Multiple forms of RNNs

In this final section on RNNs, we will take a look at the different ways an RNN network can be arranged to provide input and get the output.


In this form of the RNN, the RNN takes a single input and provides a single output. This is the simplest form the RNN can take. One-to-one RNN is shown in the image below.

Rnn One To One 1


In this form of RNN, the network takes in a single input and produces multiple outputs. Hence it is called one-to-many. One example where such an RNN is used is for music generation.

In music generation, a single note is given as an input to this form of RNN and the RNN generates music based on that note.

The one-to-many form of an RNN is shown below.

Rnn One To Many 1


This form of the RNN, as the name suggests, takes in multiple inputs at a time and produces a single output. This form of RNN finds applications in tasks such as sentiment analysis.

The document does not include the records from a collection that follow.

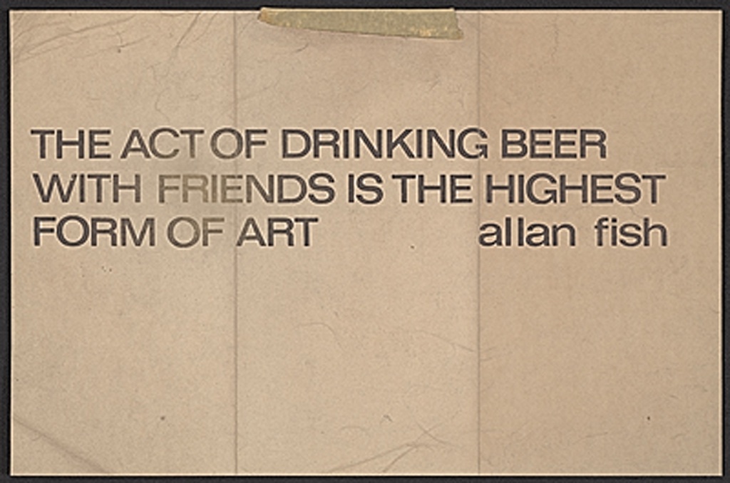Allan Fish (Tom Marioni). The Act of Drinking Beer with Friends is the Highest Form of Art, October 26, 1970; poster.
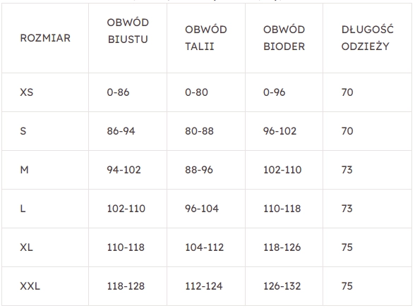 Podane wymiary są wymiarami osoby, podane w cm. Zmierz się i wybierz swój rozmiar. Pamiętaj, aby brać pod uwagę swój największy wymiar.
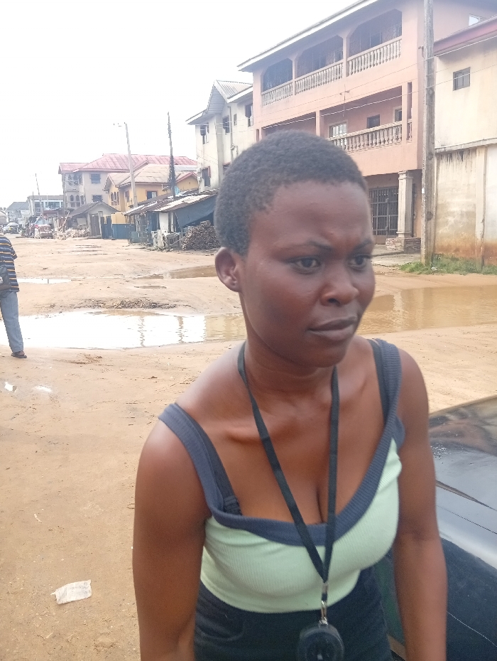 The image displays an adult female standing on an unpaved, waterlogged dirt road in Aba, Nigeria
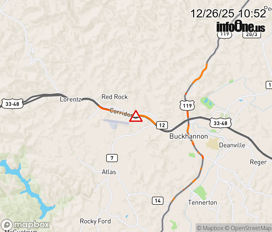 Vehicle Crash on US-33 East & WBUC Rd in Buckhannon. The eastbound road is closed. Updated: Fri 12/26/25 10:52 AM EST ![]() Updated: Fri 12/26/25 10:52 AM EST |
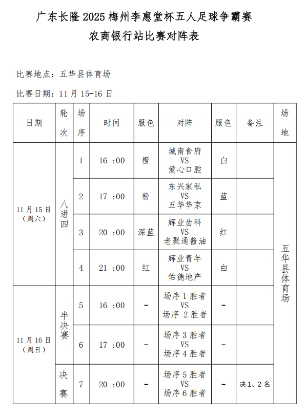 掌上梅州讯 广东长隆 2025 梅州李惠堂杯五人足球争霸赛农商银行站将于本周六即11月15日在五华县体育场开赛,比赛将持续两天进行。城南食府、爱心口腔、东兴家私、五华华京、辉业齿科、老聚通酱油、辉业青年、佑德地产8支球队将在2个比赛日里角逐本站冠军。
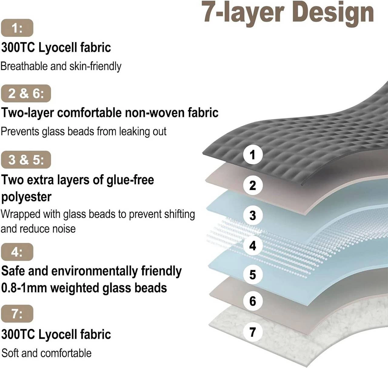 - 7 Lagen Design: Diese graue Bettdecke ist mit sicheren und umweltfreundlichen Glasperlen gefüllt. 2 Lagen bequemer Vliesstoff und 2 Lagen klebefreies Polyestergewebe umschließen die Glasperlen fest, damit diese nicht verrutschen.
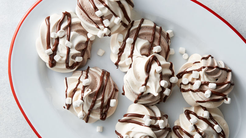 In small bowl, place 2 cups of the meringue. Sprinkle cocoa through fine mesh strainer over top; fold cocoa into mixture. Place large piping bag fitted with large star piping tip on its side. Using large icing spatula, spoon half of white meringue so it covers one half of the length of inside of piping bag. Carefully spoon half of the cocoa meringue on top of the white in bag. On cookie sheet, pipe into 2-inch circles. Repeat filling piping bag and piping with remaining meringues.
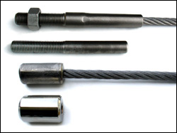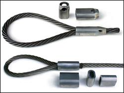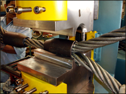 單套頭油壓壓縮接合:將鋼索同心插入套頭內,以油壓機壓縮緊密接合,其 接合效率約可達100%。

In sentiment analysis, multiple words are fed into the network, and the network processes and outputs a single output stating the sentiment of the text.

This form of the RNN is shown in the image below.

Rnn Many To One


These RNNs take in multiple inputs and produce multiple outputs. These types of RNN are further subdivided into two forms. The further division is based on whether the size of the inputs is equal to or not equal to the size of the output.

Tx = Ty

This is the many-to-many form in which the input is equal to the output. This form of the RNN is used in Named Entity Recognition (NER).

Rnn Many To Many Equal
Tx != Ty

This is the many-to-many form in which the size of the input is not equal to the size of the output. The application of this form is found in Machine Translation. This form can easily produce output greater than or less than the size of the input string.

Rnn Many To Many Unequal

Final thoughts

In this article, we have been introduced to Recurrent Neural Networks. We saw its basic architecture, we saw how information is forward propagated and backward propagated. Then we went over two problems faced by RNNs i.e. vanishing and exploding gradients and finally we covered different forms of RNNs.